Pensamento comunista pós-URSS

O pensamento de Niemeyer é considerado por alguns como algo ultrapassado. Depois que o comunismo foi derrotado na União Soviética, alguns analistas afirmam que o pensamento tradicional de esquerda se tornou obsoleto. No entanto, para outros, a sua visão política ainda encontra sentido no mundo de hoje. O cientista político e doutorando do Instituto Universitário de Pesquisas do Rio de Janeiro (IUPERJ), Gabriel Mendes, considera que, apesar de Cuba ser a única “referência” para os comunistas atuais, não há razão suficiente para afirmar que o pensamento marxista tenha se tornado antiquado. “Acreditar que pelo simples fato de, historicamente, a grande experiência comunista ter acabado, o pensamento marxista tornou-se ultrapassado, é atribuir à História um valor de juiz”, analisou.

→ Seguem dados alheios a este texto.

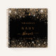 A stylish black background with dark faux gold glitter dust. Personalize and add a name and the date. Can be used as guest book, planning the party or as a party favor.
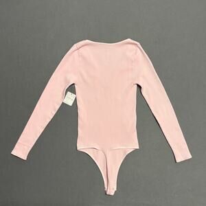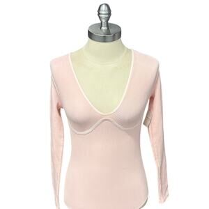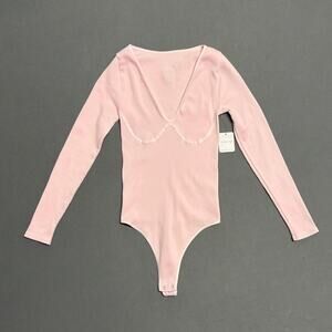 FREE PEOPLE Meg Seamless V-Neck Bodysuit Rose Blush Pink Size M-L Intimately

Segundo o cientista político, o pensamento de esquerda sempre serviu como uma contenção ao ímpeto capitalista tipicamente “selvagem” e hoje, depois do fracasso da experiência soviética, vive um processo de reformulação do seu discurso. Ele diz ainda que, mesmo não tendo este pretendido discurso pronto, a esquerda continua desempenhando o seu papel, que é tentar conter os avanços da direita.

Engana-se, contudo, quem pensa que o arquiteto nutre apenas idéias utópicas sobre o assunto. Mesmo com algumas críticas, Niemeyer vê com alegria o crescimento do Movimento dos Trabalhadores Rurais Sem Terra (MST). De acordo com ele, a luta pela terra é “justa e inevitável”. Além disso, Niemeyer apóia, ainda que com muitas restrições, o Governo Lula que, para ele, faz o que pode e cumpre bem o papel de defender a soberania do Brasil e da América Latina através de sua política externa.

Niemeyer, que sempre fez questão de misturar arquitetura e política, tem em uma de suas obras um motivo de grande orgulho. A escultura que fez para Havana, capital de Cuba, denuncia, segundo ele, o imperialismo. É uma estátua de um enorme dragão cuspindo fogo sobre um cubano, que se mantém de pé, carregando sua bandeira. Sendo assim, uma frase de Mendes corrobora e vai de encontro com as idéias do arquiteto: “Dizer que o pensamento de esquerda está ultrapassado é apenas retórica reacionária daqueles que acreditam que o mundo como é hoje corresponde ao ápice das nossas possibilidades como civilização”, disse.

Ultrapassado ou não, o pensamento de Niemeyer não deixa de gerar polêmica. Com os mais recentes escândalos protagonizados pelo Governo Lula, muitos acreditam que o sonho da esquerda foi perdido. Por outro lado, a desigualdade do capitalismo, ainda marcante nos países governados pela chamada direita, é degradante. O sonho de uma sociedade igualitária, defendida por Niemeyer ainda existe, e os seus cem anos mostram que realmente ainda falta muito para alcançarmos este tão sonhado ápice.